Re: Finding SPAQL endpoints?

Daniel Schwabe wrote:
> All,
> the sitemap.xml solution works IF everybody (or most) have the 
> robots.txt or the sitemap.xml at the root directory. So, conceptually 
> speaking, it should be the way to go.
>
> But a quick test on the LOD cloud returned 404 for many if not most 
> sites for both sitemap.xml and robots.txt...
> Curiously, for many of those without a sitemap.xml, the 
> <c-name>/sparql URI format to access the SPAQL endpoint DOES work...
>
> So something is still missing.

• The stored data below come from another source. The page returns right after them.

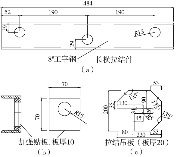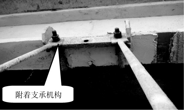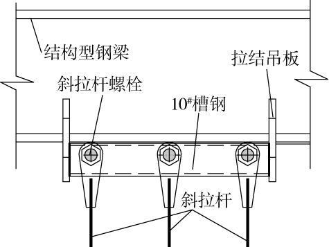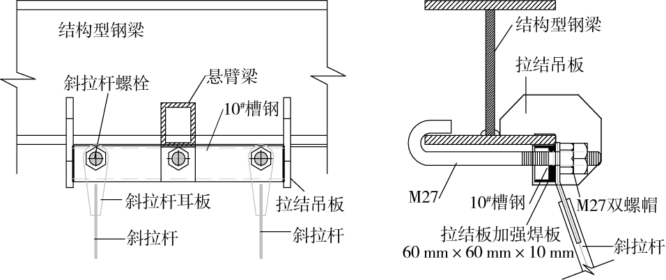 附着支承机构由弯钩单头螺杆、连接板槽钢、U形挂板、结构型钢梁、双螺母、加强侧板、悬臂梁、斜拉杆、斜拉杆耳板组成。利用连接板槽钢两端与U形挂板焊接连接,U形挂板U形开口处挂在结构型钢梁下翼缘上,弯钩单头螺杆弯钩端吊挂在结构型钢梁,另一端穿过连接板槽钢预先设置的连接圆孔,连接板槽钢开口方向腹板处衬加强侧板,斜拉杆与耳板通过双螺母与弯钩单头螺杆固定在连接板槽钢上,悬臂钢梁一端焊接钢板并预先留设连接圆孔与弯钩单头螺杆通过双螺母固定在连接板槽钢上(图5),加强侧板与连接板槽钢采用焊接连接[3]。
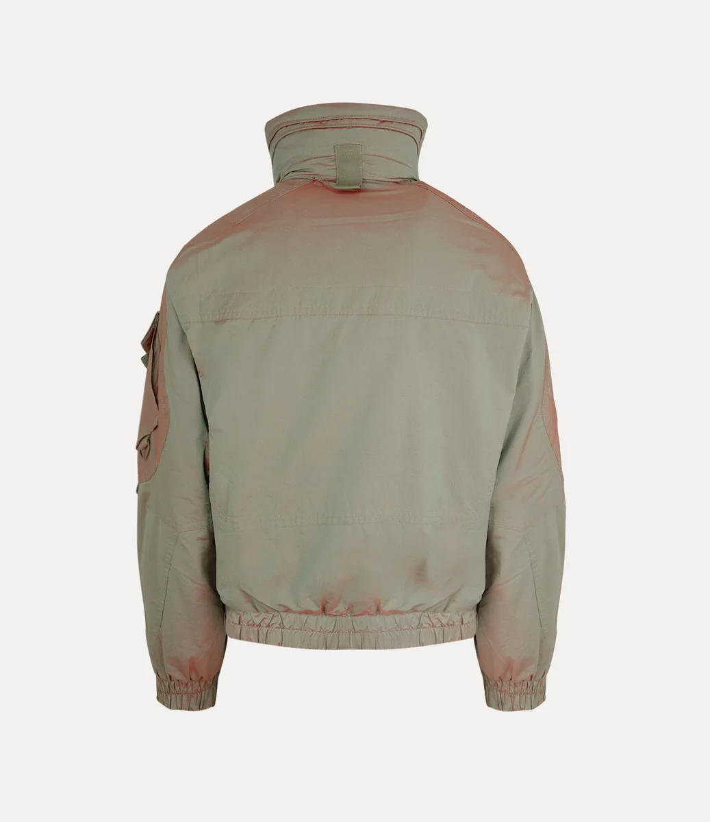 Vivienne Westwood Nevada bomber jacket has a two-tone finish with a high funnel-neck silhouette.
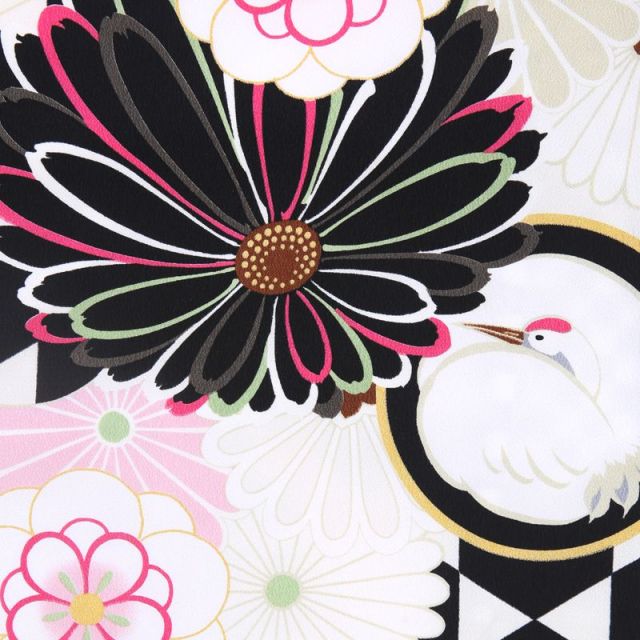 白地に菊と梅の花が、ぽってりと丸みをおびて、レトロかわいい雰囲気に。それでいて現代的に、大胆に重なり合い、アレンジされている着物です。そのなかでも黒い菊は、花びらがカラフルに縁どられていて、スタイリッシュなインパクトを放ちます。
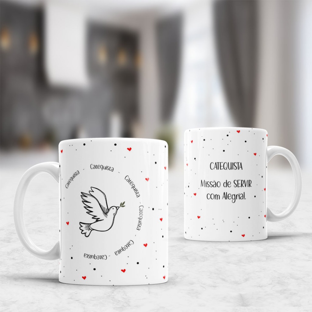 Caneca de Porcelana Personalizada 325ml Catequista Nome e Frases Personalizadas
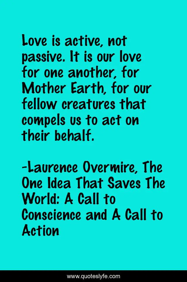 "Laurence Overmire, The One Idea That Saves The World: A Call to Conscience and A Call to Action Quotes." Quoteslyfe.com, 2025. Sat. 06 Dec. 2025. <https://www.quoteslyfe.com/quote/Love-is-active-not-passive-It-is-200773>.

Either each dataspace mantainer that is 
> willing to provide the SPARQL endpoint also provides a (even if 
> minimal) sitemap.xml or voiD description, or at least follows this 
> convention.
> This would greatly enhance the accessibility of the data, and enable 
> tools to automatically find them as needed...
>
> Cheers
> D
Daniel,

+1

Clearly we need to document the best practices somewhere :-)



Kingsley
>
>
> Sergio Fernández wrote:
>> On Sat, 2009-03-07 at 00:36 -0300, Daniel Schwabe wrote:
>>   
>>> I could query the site for its sitemap extension (would it always be 
>>> <home url>/sitemap.xml? 
>>>     
>>
>> Yes, you can do it in a programmatic way. But that URL (/sitemap.xml),
>> even it's common used, it's not mandatory, so you can't use it as a
>> constant. But there is one way, not so direct, but at least one that is
>> standard:
>>
>> 1) From /robots.txt you can take the Sitemap's URL ("Sitemap:" as [1]
>> specifies)
>> 2) According the extension proposed by DERI [2], you can check if the
>> sitemap points a SPARQL enpoint looking for the
>> sc:sparqlEndpointLocation element.
>>
>> Hope that helps.
>>
>> Best,
>>
>> [1] http://www.sitemaps.org/protocol.php
>> [2] http://sw.deri.org/2007/07/sitemapextension/
>>
>>   
>
> -- 
> Daniel Schwabe
> Tel:+55-21-3527 1500 r. 4356
> Fax: +55-21-3527 1530
> http://www.inf.puc-rio.br/~dschwabe  Dept. de Informatica, PUC-Rio
> R. M. de S. Vicente, 225
> Rio de Janeiro, RJ 22453-900, Brasil
>


-- 


Regards,

Kingsley Idehen       Weblog: http://www.openlinksw.com/blog/~kidehen
President & CEO 
OpenLink Software     Web: http://www.openlinksw.com

Received on Tuesday, 10 March 2009 00:15:41 UTC